We have a very American responsibility--to set the table for our
kids' futures; to prepare them for the competitive world that awaits
them; and to enrich their lives with a better education than the one
that was offered to us. This is our central calling.
As I have discussed many times before back in Colorado and here on
the Senate floor, we must be willing to make the hard choices necessary
to jumpstart our economy and put the country on a path that will return
us to fiscal responsibility. This means recognizing how we got into
this fiscal mess--by not paying for our priorities, not planning for
future emergencies, taking on more than we can afford, and damaging,
expensive bailouts.
Yet we cannot fight our way out of this fiscal hole riding on the
backs of our kids. It is wrong, and it is a disservice to them.
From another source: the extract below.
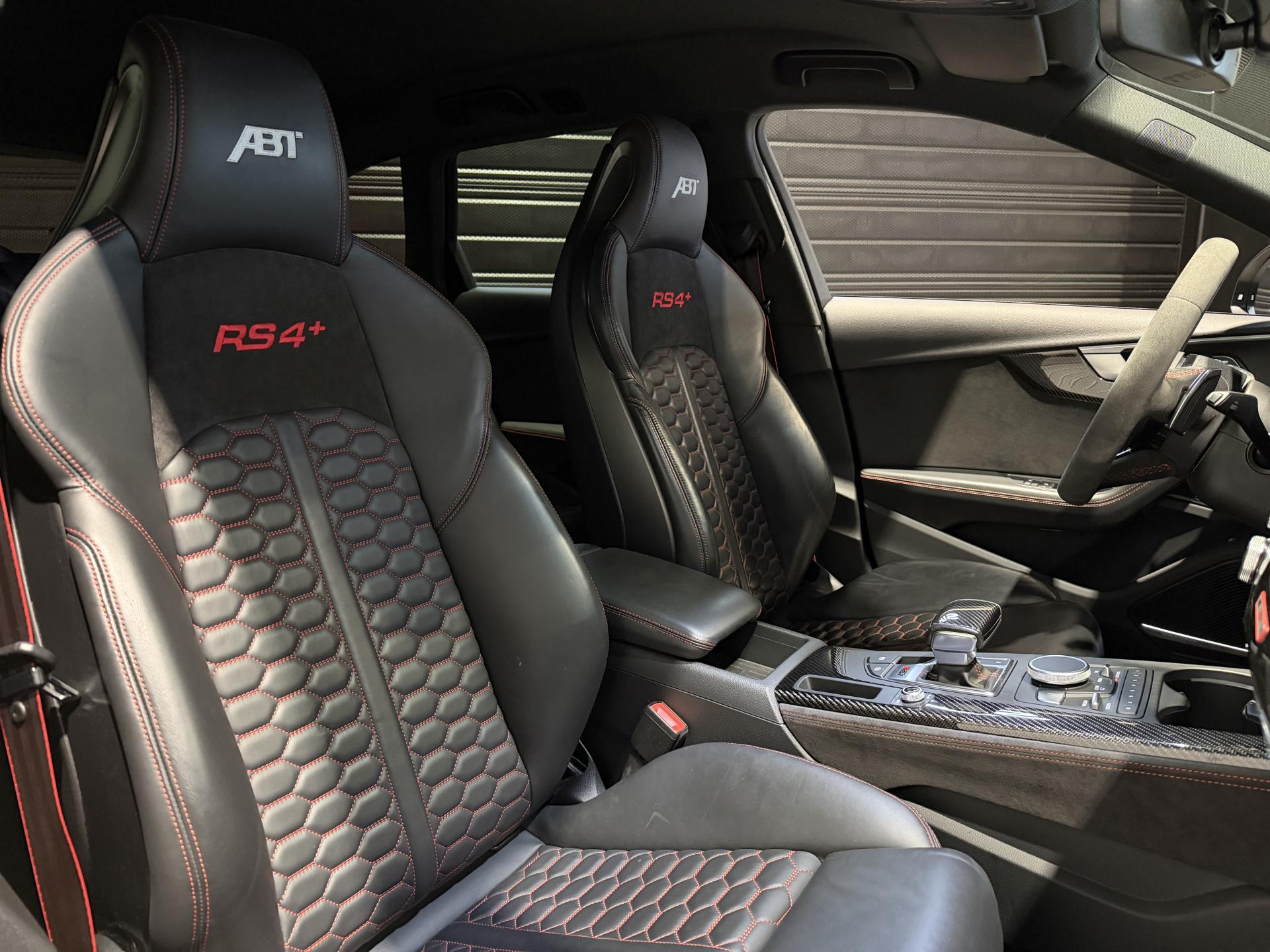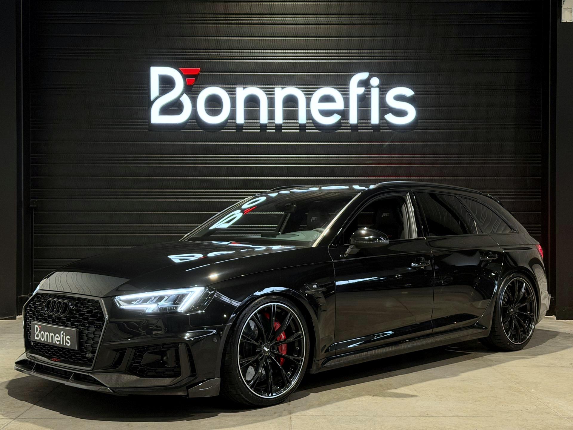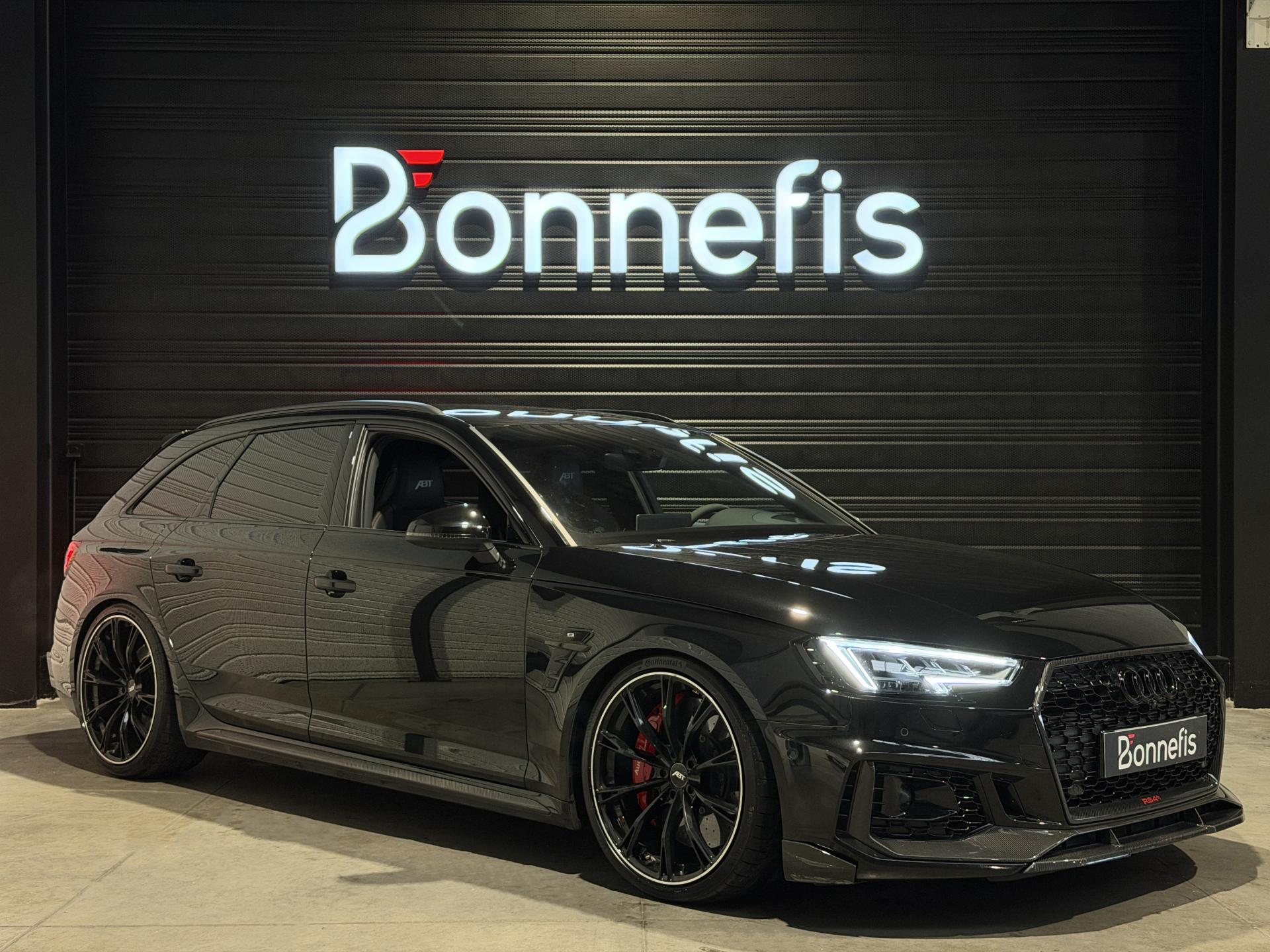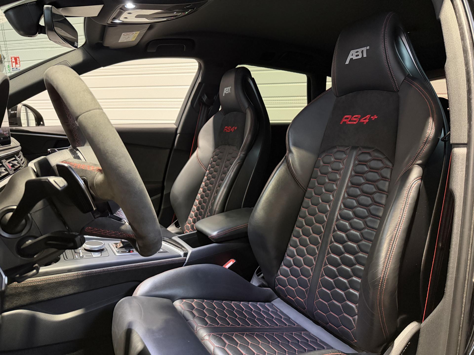 Audi RS4 Avant ABT+ 2.9 TFSI 510Ch Quattro Tiptronic 8, extérieur noir métallisée ( 841 € ), intérieur noit cuir Nappa fin ( 8 75 € ), 34 cv, 5 portes, première mise en circulation le 13/08/2019.

I support legislation to preserve teacher jobs. And the full Senate
must do the same. In so many areas, our children are taking the brunt
of our economic downturn. School is one place we have to try to
inoculate from economic hardship.
[[Page S6192]]
Hundreds of thousands of teachers across the country--including an
estimated 3,000 teachers in Colorado--are in jeopardy of losing their
jobs if we do not act. Districts have already cut their budgets
substantially. The education jobs package would preserve thousands of
these middle-class jobs.
I am the first person to say that we cannot simply continue to do the
same thing in education and expect a different result. We need to
improve the system so it does a better job of supporting our teachers
and educating students.
However, we cannot stand by while schools are devastated by layoffs.
Allowing this would be a shortsighted blow against our communities.
The education jobs package would keep people working, and ensure that
students can continue learning. This will actually spur economic
recovery in the short run, preserving thousands of good jobs, and by
laying the groundwork for our kids' success, it would foster prosperity
in the long run.
Preserving teaching jobs is a commonsense investment. Yet inside the
Beltway the livelihood of our teachers has become a political pawn. We
have seen people using this money as a negotiating tool. And we have
seen people force false choices between jobs and critical education
reforms. Let's not play politics with our children's future.
I call on our colleagues to move quickly to pass an education jobs
package and keep our teachers in the classroom so our kids have the
tools they need to succeed.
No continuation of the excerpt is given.